Shaw, J. (2014, March/April). Why “Big Data” Is a Big Deal. Harvard Magazine. Retrieved January 29, 2016, from http://harvardmagazine.com/2014/03/why-big-data-is-a-big-deal
The importance of data and database is being discussed in the paper. With database being used at large, the data have huge impacts in the scientific world. Today, the use of data is so widespread that applications are not only limited to the technological aspect. However, the security provided by data systems do not ensure safety and protection against potential dangers such as hacking and data dredging.
The article was used to provide outside perspective on Big Data. Likewise, the article also offers facts from experts in the field.
Wu, X., Zhu, X., Wu, G., & Ding, W. (2014). Data Mining with Big Data. IEEE
Transactions on Knowledge and Data Engineering, 26(1), 97-107.

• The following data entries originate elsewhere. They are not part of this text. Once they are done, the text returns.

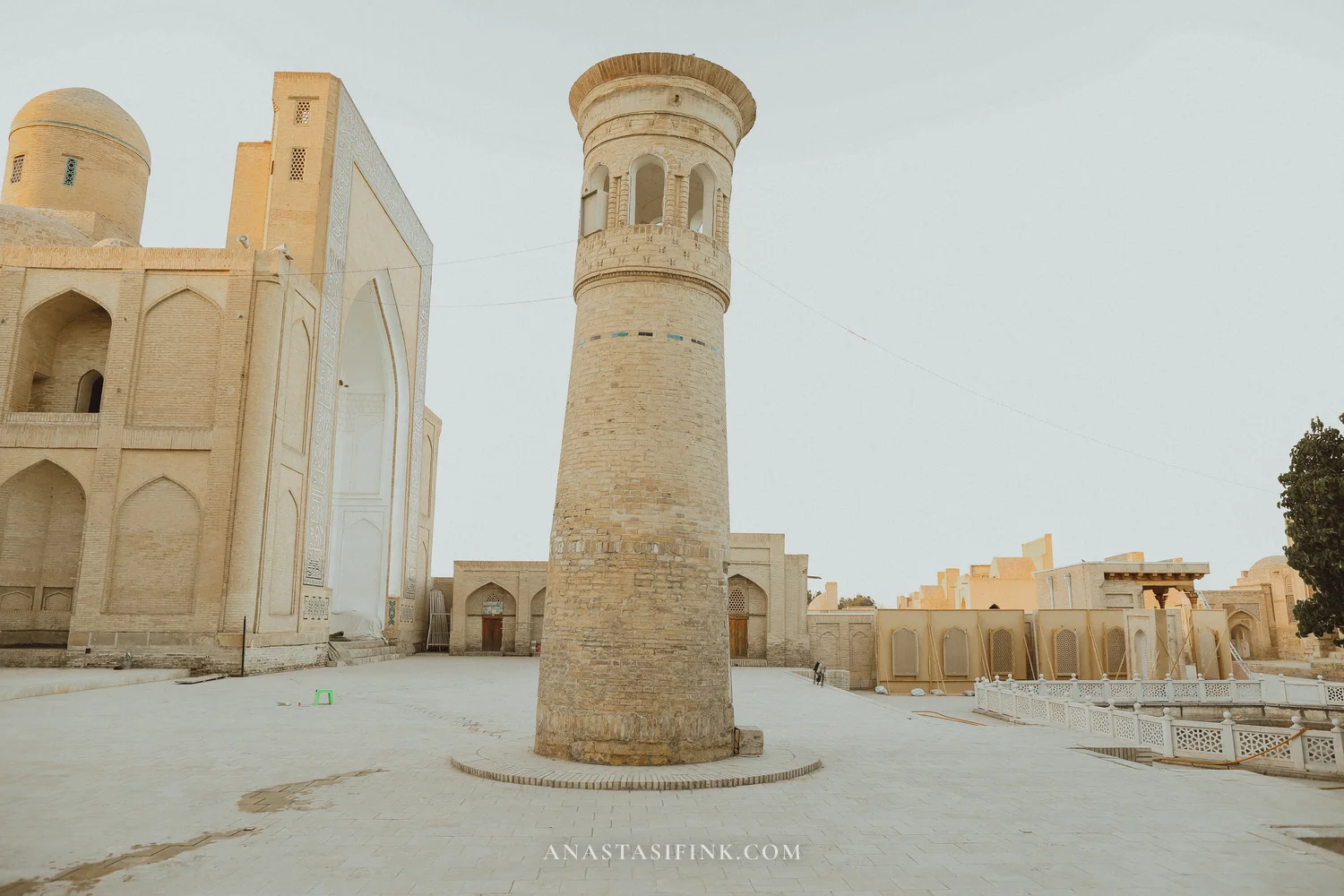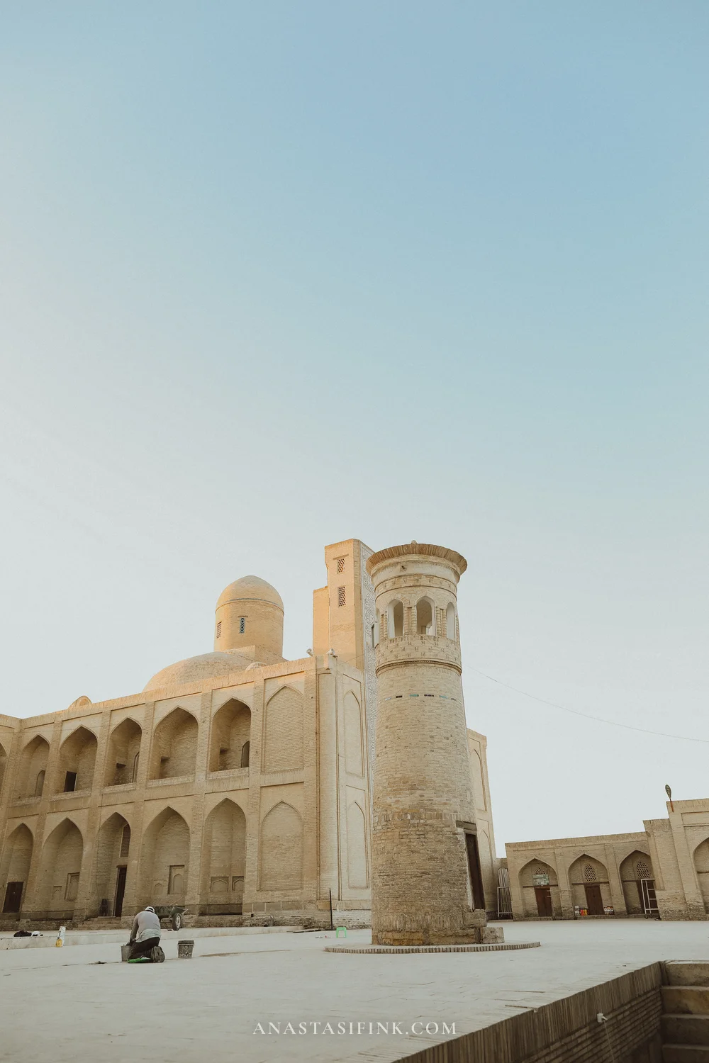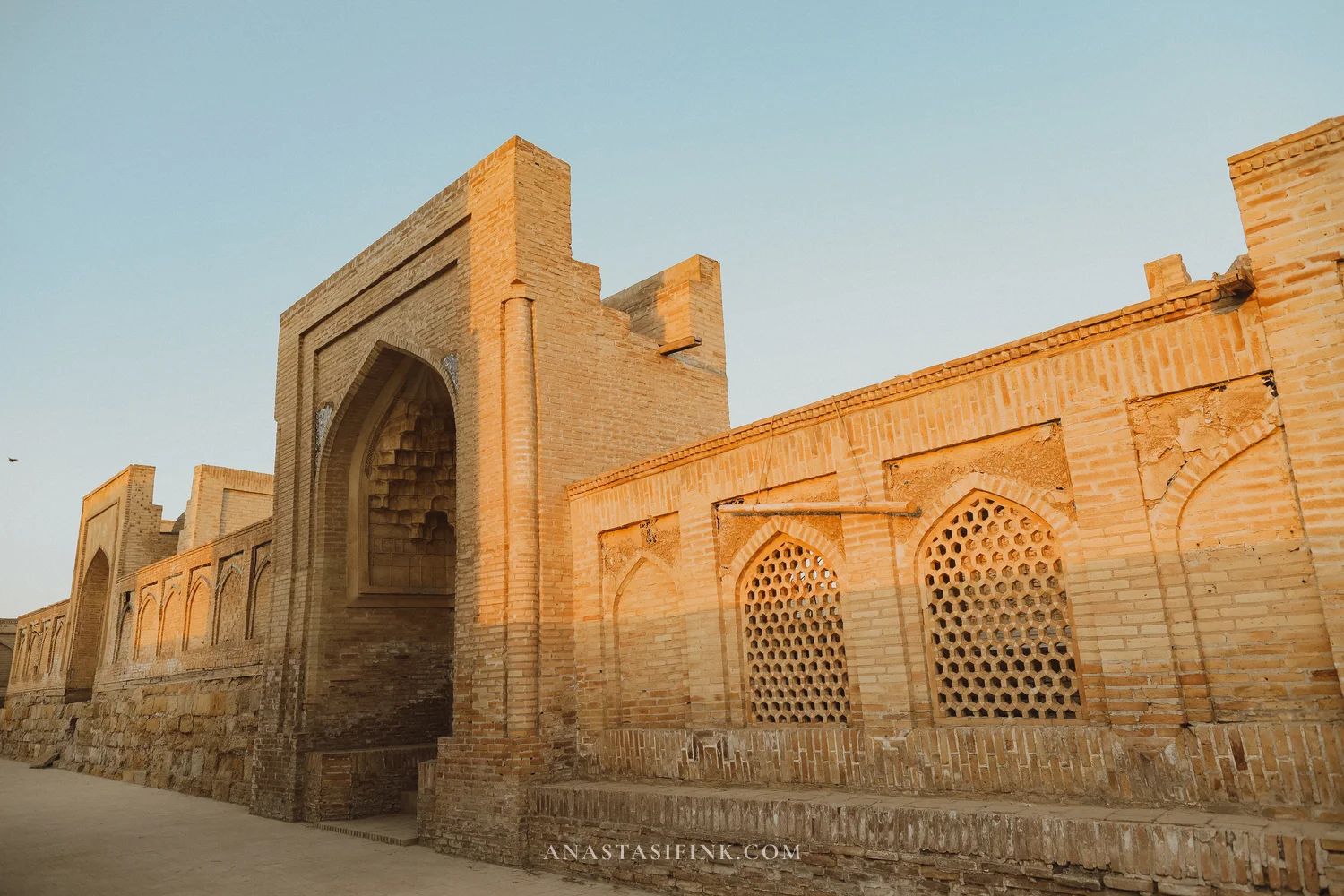 The best time is 1.5–2 hours before sunset. The light is golden, the shadows are deep, and there are almost no visitors (most tour groups come in the morning). Sunrise also works well, especially if you want crowd-free shots — the turquoise dome of old Bukhara on the horizon glows in the early light. Midday is the worst time: harsh shadows and heat.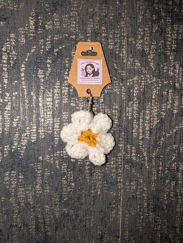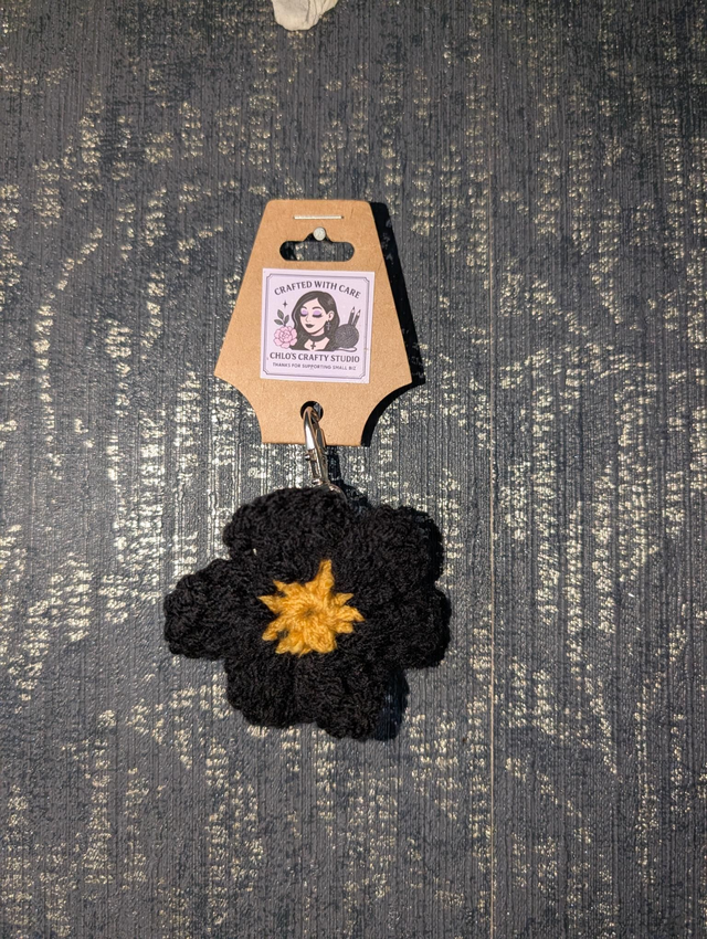 🌸 Handmade Crochet Flower Keyring | Colourful Floral Bag Charm | Custom Colour Keychain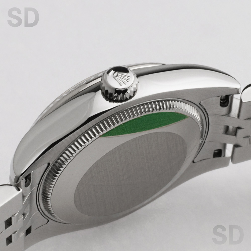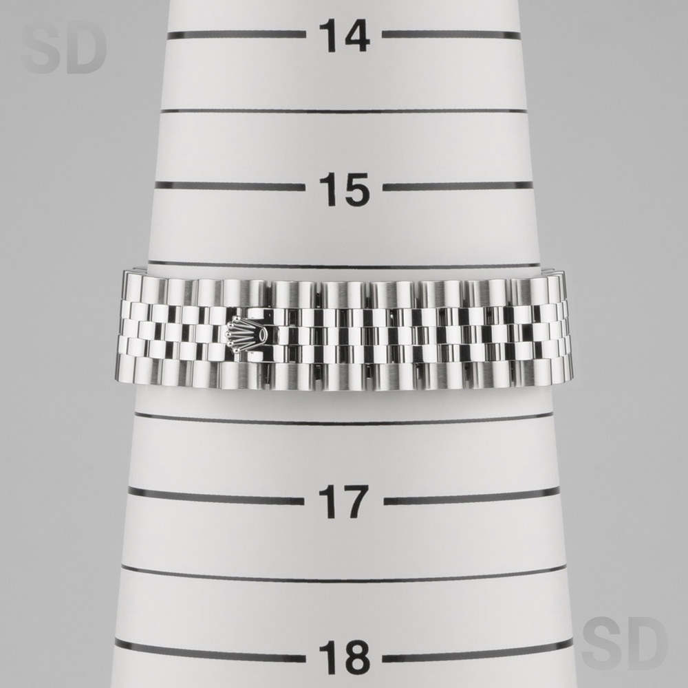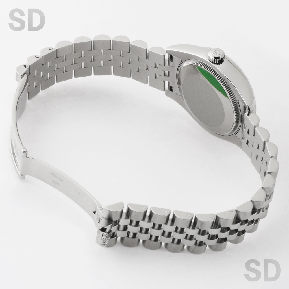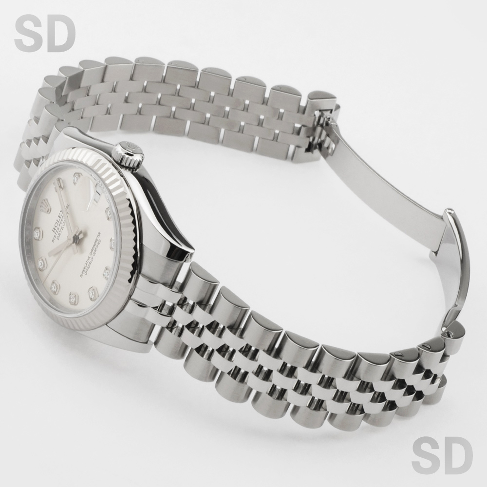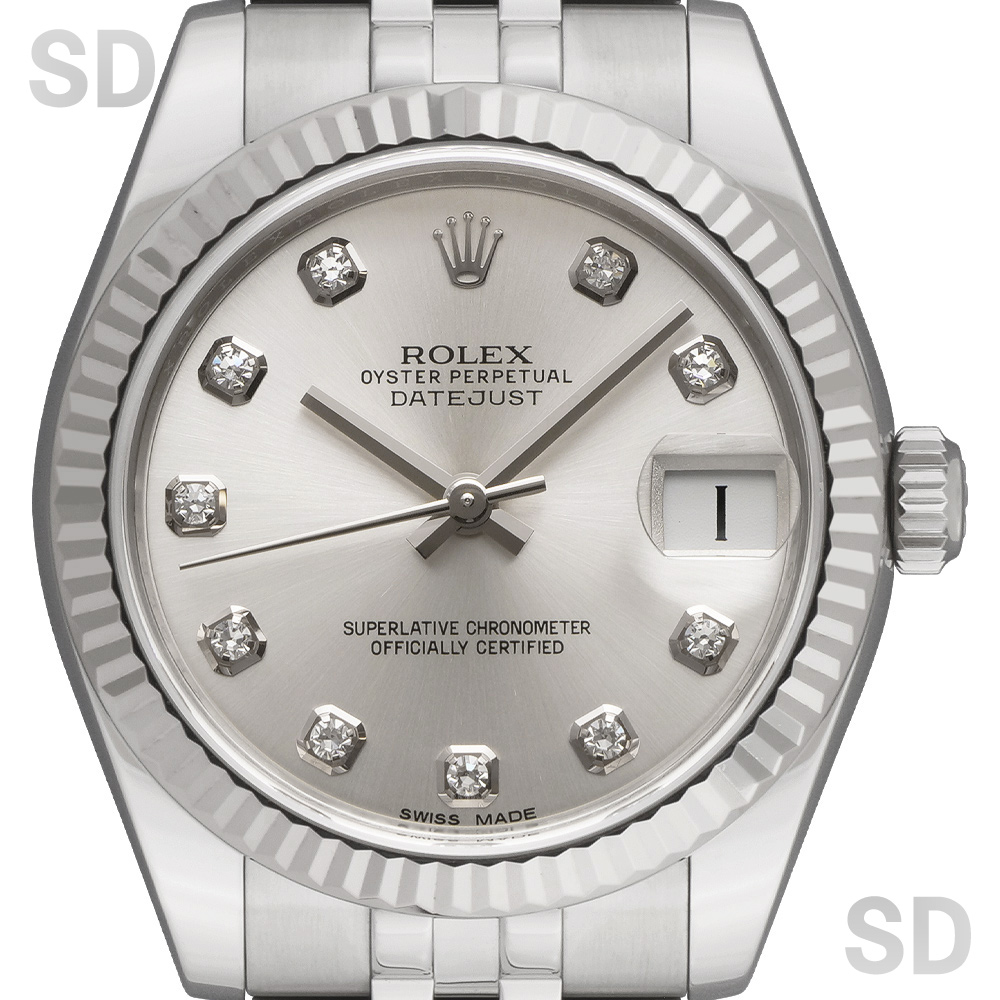 フルーテッドベゼルにジュビリーブレスレットを装備したこちらのモデルは、古くから愛されるデイトジャストを象徴するデザイン。当初は男女兼用サイズとされた31mmケースですが、現在では少し大きめのサイズをお好みになる女性向けのラインナップとされているイメージです。定番のシルバー文字盤にダイヤモンドが目を惹く1本。腕元を華やかに彩るアクセサリーとしても最高のモデルであり、スタイルは気にせず着用出来る上品なモデルです。

The spread of data in the application of many industries as provided a great help in terms of its functions such as networking, storage and collection of data. The sudden increase in the use of data are provided justifies this claim to be able to gather more accurate data through communication with one another. The introduction of HACE tells all that there is about data revolution and processes. Also, the paper also tells about possible challenges brought about by HACE with respect to its methods and analysis.
The article was used as the topic of interest in this journal article review.